Russia’s disinformation campaign follows the “firehose of falsehoods” model: a constant stream of false information across social media so pervasive it overwhelms countermeasures. In 2020, Russian troll farms reached 140 million American users monthly, with platforms’ algorithms amplifying Russian disinformation in newsfeeds. These posts exploit divisions and target disaffected groups to serve Russian objectives.

China approaches things somewhat differently. Beijing aggressively pursues what analysts describe as ‘information pipes,’ acquiring influence in mainstream outlets such as the Associated Press and Reuters to funnel state propaganda to American audiences. China places stories from state-owned media, such as the Global Times, in front of users who may not recognize them as official propaganda and instead interpret them as legitimate news. When the BBC reported on human rights abuses against Uyghur Muslims, the PRC responded by deploying an organized network of trolls and 57 fake news websites to challenge the BBC’s credibility.

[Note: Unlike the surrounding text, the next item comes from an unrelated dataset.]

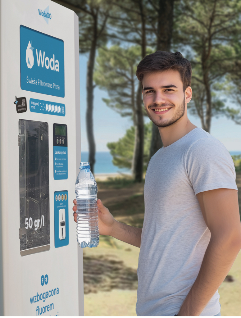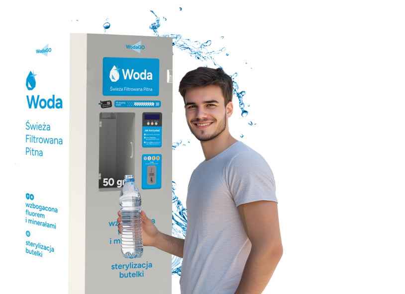 Automaty WodaGO pomagają ograniczyć zużycie jednorazowych butelek, zmniejszając ilość odpadów plastikowych trafiających do środowiska.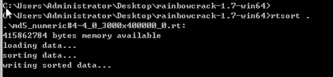 切勿中断rtsort程序; 否则被分类的彩虹表可能会被损坏。

Artificial intelligence has exponentially increased these threats. Deepfakes have evolved from crude forgeries to sophisticated impersonations that fool government officials, including cases where AI-generated voices successfully impersonated the Secretary of State. Russia and China now use AI to generate content at an unprecedented scale, creating highly targeted and personalized disinformation that adapts in real time to maximize impact.

America’s response has been inadequate. Previous efforts stalled or collapsed under political pressure. The Biden administration’s DHS Disinformation Governance Board, intended to help the public “decipher disinformation” and coordinate threat response, was disbanded three weeks after backlash about government overreach. Additionally, with the dissolution of the Director for National Intelligence’s Foreign Malign Center and the State Department’s Global Engagement Center, America lacks a defense to counter domestic disinformation.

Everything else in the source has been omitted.